Abstract
Video restoration is an essential component of multimedia processing, with applications in archival preservation, media production, streaming, and consumer content. This tutorial offers a structured overview of the field, tracing developments from classical filtering to deep learning and generative approaches.
We structure the discussion around four perspectives: enhancement of perceptual detail, restoration of chromatic fidelity, adaptation to unknown degradations, and development of unified restoration frameworks.

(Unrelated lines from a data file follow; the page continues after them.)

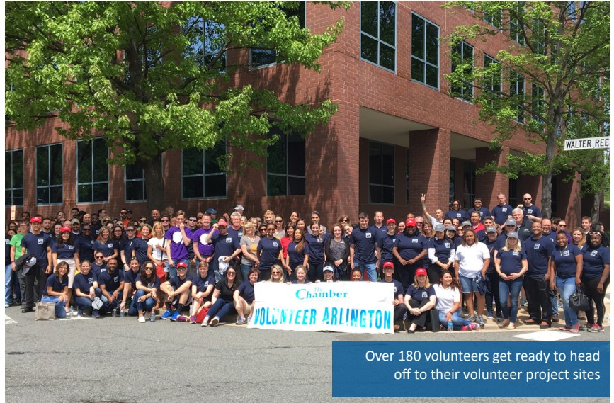
Over 180 volunteers get ready to head off to their volunteer project sites

Volunteers included employees from a variety of industries and businesses in Arlington who dedicated their time and joined in the fun for this event. Arlington nonprofits were excited to have so many enthusiastic volunteers helping at their sites.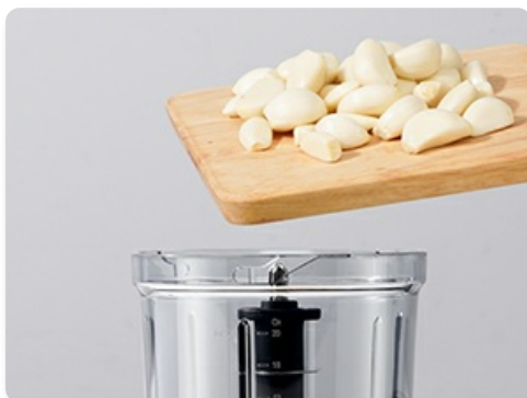
Step 3: Add ingredients to the bowl.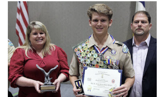
Eagle Scout - 2022 National Winner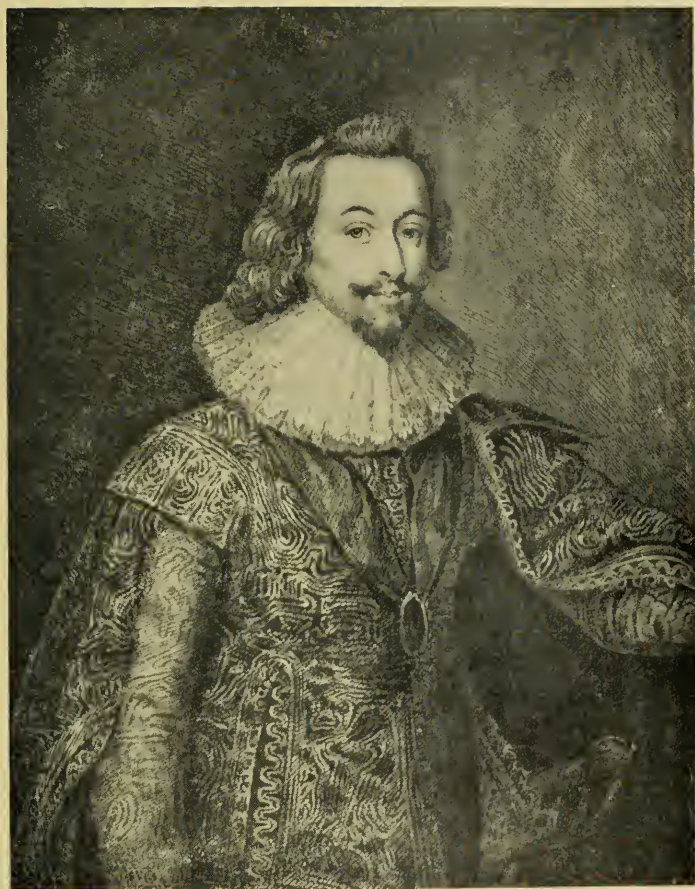
GEORGE VILLIERS, DUKE OF BUCKINGHAM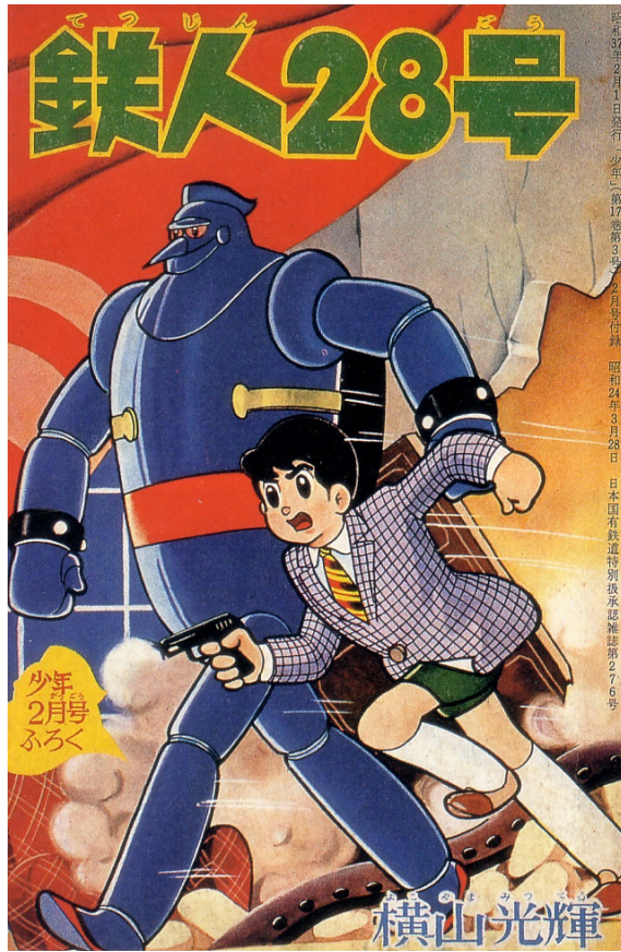
Figure 7. Tetsujin 28-go : the series that begot the Japanese mecha genre.

http://pinktentacle.com/2010/10/tetsujin-28-manga-covers-1956-1966/

The tutorial concludes with an outlook on emerging research directions, including adaptation of foundation models, test-time refinement, generative architectures, and multimodal guidance.
Timeline (3 Hours)
Hour 1
Introduction & Motivation
- Welcome and tutorial overview
- Importance of video restoration in multimedia (archival, production, streaming)
- Typical degradations in videos (noise, blur, compression artifacts, chromatic distortions, etc.)
- Challenges: mixed/unknown degradations, generalization, deployment
Historical Foundations
- Classical approaches: filtering, deblurring, deblocking
- Early machine learning methods for restoration
- Limitations of handcrafted pipelines
- Transition to data-driven methods
Hour 2
Semantic Detail Enhancement
- Problem space: noise, texture loss, structural artifacts
- Representative models: CNNs, GAN, Diffusion Models
- Applications: Compression artifact reduction, denoising, deblurring, etc.
Chromatic Fidelity Restoration
- Challenges in color distortions & temporal consistency
- Neural color transfer and deep recolorization models
- Applications: film recolorization, consumer video enhancement
Hour 3
Unified Restoration Frameworks
- Motivation for multi-task architectures
- Representative frameworks
- Discussion of failure cases and domain shifts
Adaptation to Unknown Degradations
- Foundation-model adaptation for video restoration
- Multimodal integration (e.g., vision–language guidance)
- Open research problems and future opportunities
Target Audience
This tutorial is intended for researchers, practitioners, and students in computer vision, multimedia, and machine learning. Participants will gain a structured taxonomy of restoration approaches, organized around general principles and recent research trends. They will also develop a critical understanding of current limitations and learn about emerging approaches from foundation-model adaptation to multimodal integration that are defining the next phase of progress.
Speakers

Guan-Ming Su
Guan-Ming Su is Director at Dolby Laboratories, leading image technology development. He holds a Ph.D. in Electrical and Computer Engineering from the University of Maryland. His expertise spans multimedia coding, computer vision, 3D imaging, HDR, and machine learning. He has held roles in Dolby Vision, Marvell, and ESS Technology, contributing to video codec architecture and advanced imaging systems.

Aupendu Kar
Aupendu Kar is a Senior Researcher at Dolby Laboratories, specializing in computer vision and deep learning. His work focuses on low-level vision tasks like image super-resolution, dehazing, rain removal, and underwater enhancement. He also explores learning frameworks grounded in physical models and has contributed to medical image analysis.

Shiv Gehlot
Shiv Gehlot is a Senior Researcher at Dolby Laboratories, working on computer vision, multimodal learning, and generative AI. He holds a Ph.D. from IIIT-Delhi, with current research focused on video and audio processing. His recent work includes developing diffusion-based frameworks for diverse video enhancement tasks, along with deep audio quality prediction, and notable contributions to generative video coding.

Sutanu Bera
Sutanu Bera is a Senior Researcher at Dolby Laboratories, working on video restoration and low-level image processing using deep learning. He holds a Ph.D. from IIT Kharagpur and has prior research experience in low-dose CT denoising, GAN-based restoration, and invertible networks.